Często kolonie w warunkach kontrolnych rosną najszybciej i dlatego można użyć tych komórek jako wskaźnika punktu końcowego eksperymentu, tj. zakończyć eksperyment zanim kolonie zaczną się łączyć, a jeśli dzieje się to zbyt szybko, należy raczej użyć niższej gęstości wysiewu w eksperymencie. Ważne jest, aby zakończyć eksperyment dla wszystkich warunków traktowania w tym samym czasie.

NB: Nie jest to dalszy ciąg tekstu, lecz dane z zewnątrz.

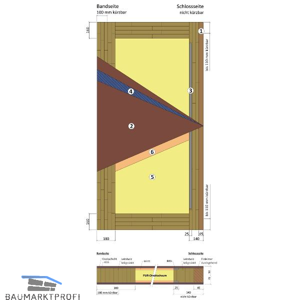 5. Kern-Dämmung PUR-Konstruktionskern, frei von HFCKW, baubiologisch geprüft, recyclingfähig, fugenfrei und kraftschlüssig- direkt verschäumt, dadurch wärmebrückenfrei.

Po osiągnięciu punktu końcowego eksperymentu, komórki muszą być delikatnie przemyte PBS (dodaj PBS z boku studzienki, aby nie zakłócać kolonii), utrwalone i zabarwione barwnikiem interkalującym DNA, fioletem krystalicznym (0,5% w/v) przez co najmniej 30 minut. Usuwanie nadmiaru barwnika może być kłopotliwe. Najlepszą techniką jest delikatne zanurzanie płytek w zlewkach zanurzonych w wodzie, aż cały nadmiar barwnika zostanie usunięty i pozostaną tylko jasnofioletowe kolonie. Zabarwione kolonie można liczyć do 50 tygodni po barwieniu. Zrób wysokiej rozdzielczości zdjęcia swoich studzienek, aby wykorzystać je do analizy, prezentacji i publikacji.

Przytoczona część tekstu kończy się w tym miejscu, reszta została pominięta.